[Data for processing Boundary: Start]
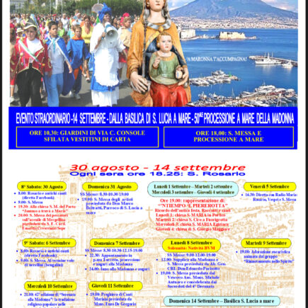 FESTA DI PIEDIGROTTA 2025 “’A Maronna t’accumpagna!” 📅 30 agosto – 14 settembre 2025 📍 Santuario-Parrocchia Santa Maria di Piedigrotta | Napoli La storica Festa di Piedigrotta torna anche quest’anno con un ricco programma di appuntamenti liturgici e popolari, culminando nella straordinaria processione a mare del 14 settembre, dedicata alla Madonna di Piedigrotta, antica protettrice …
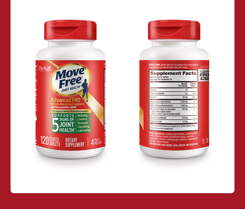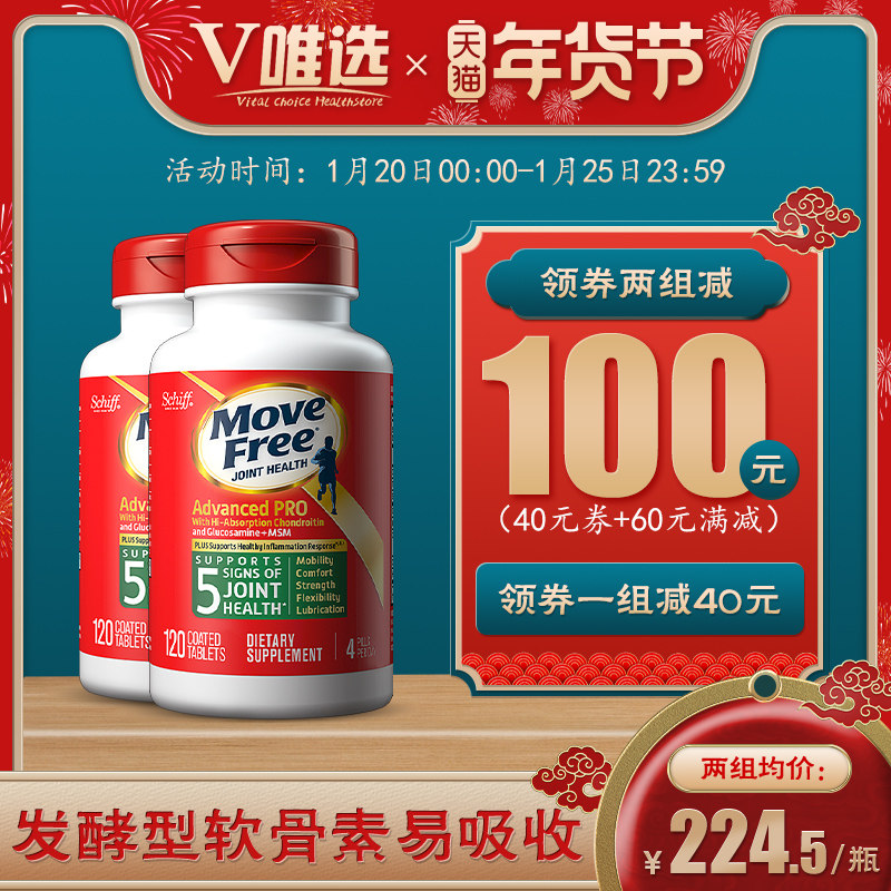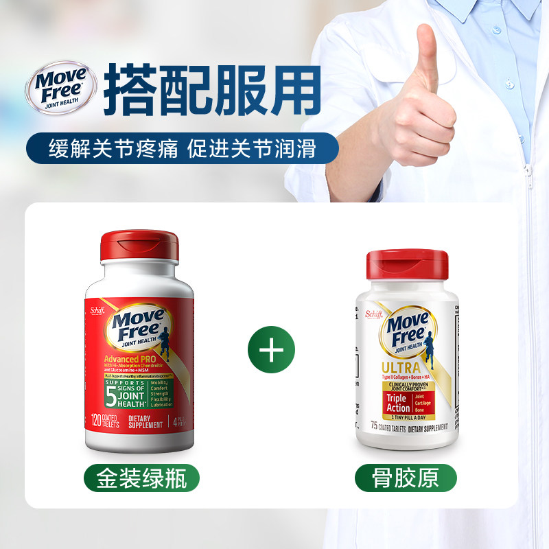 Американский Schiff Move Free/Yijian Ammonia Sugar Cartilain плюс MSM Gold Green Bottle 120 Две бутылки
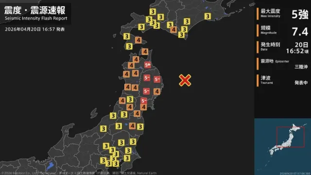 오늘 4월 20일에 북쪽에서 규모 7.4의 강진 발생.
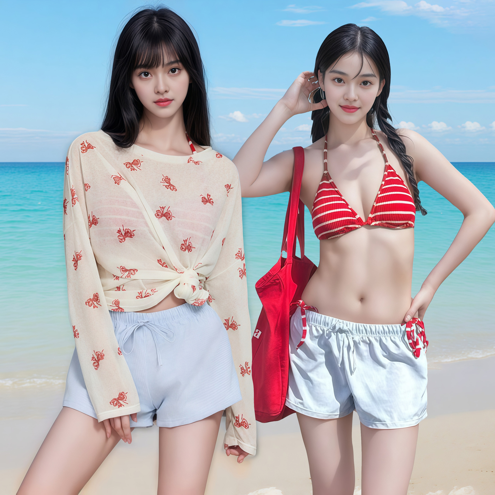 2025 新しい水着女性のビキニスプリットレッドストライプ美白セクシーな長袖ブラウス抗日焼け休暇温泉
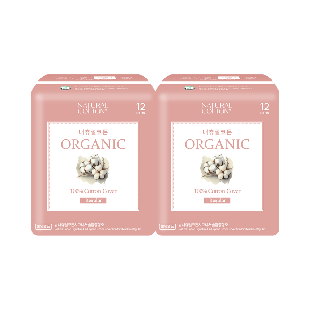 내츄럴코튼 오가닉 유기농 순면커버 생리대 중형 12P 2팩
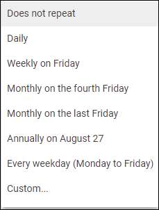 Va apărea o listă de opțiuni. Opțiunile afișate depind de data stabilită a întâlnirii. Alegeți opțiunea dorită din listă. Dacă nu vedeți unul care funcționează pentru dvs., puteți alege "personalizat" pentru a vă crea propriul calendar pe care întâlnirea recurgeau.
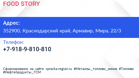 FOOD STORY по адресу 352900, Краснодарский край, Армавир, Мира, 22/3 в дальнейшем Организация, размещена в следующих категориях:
[Data for processing Boundary: End]
- _Activity_:
Make an exact copy of every record, pictures excluded.

- _Exercise output_:
 FESTA DI PIEDIGROTTA 2025 “’A Maronna t’accumpagna!” 📅 30 agosto – 14 settembre 2025 📍 Santuario-Parrocchia Santa Maria di Piedigrotta | Napoli La storica Festa di Piedigrotta torna anche quest’anno con un ricco programma di appuntamenti liturgici e popolari, culminando nella straordinaria processione a mare del 14 settembre, dedicata alla Madonna di Piedigrotta, antica protettrice …
 Американский Schiff Move Free/Yijian Ammonia Sugar Cartilain плюс MSM Gold Green Bottle 120 Две бутылки
 오늘 4월 20일에 북쪽에서 규모 7.4의 강진 발생.
 2025 新しい水着女性のビキニスプリットレッドストライプ美白セクシーな長袖ブラウス抗日焼け休暇温泉
 내츄럴코튼 오가닉 유기농 순면커버 생리대 중형 12P 2팩
 Va apărea o listă de opțiuni. Opțiunile afișate depind de data stabilită a întâlnirii. Alegeți opțiunea dorită din listă. Dacă nu vedeți unul care funcționează pentru dvs., puteți alege "personalizat" pentru a vă crea propriul calendar pe care întâlnirea recurgeau.
 FOOD STORY по адресу 352900, Краснодарский край, Армавир, Мира, 22/3 в дальнейшем Организация, размещена в следующих категориях:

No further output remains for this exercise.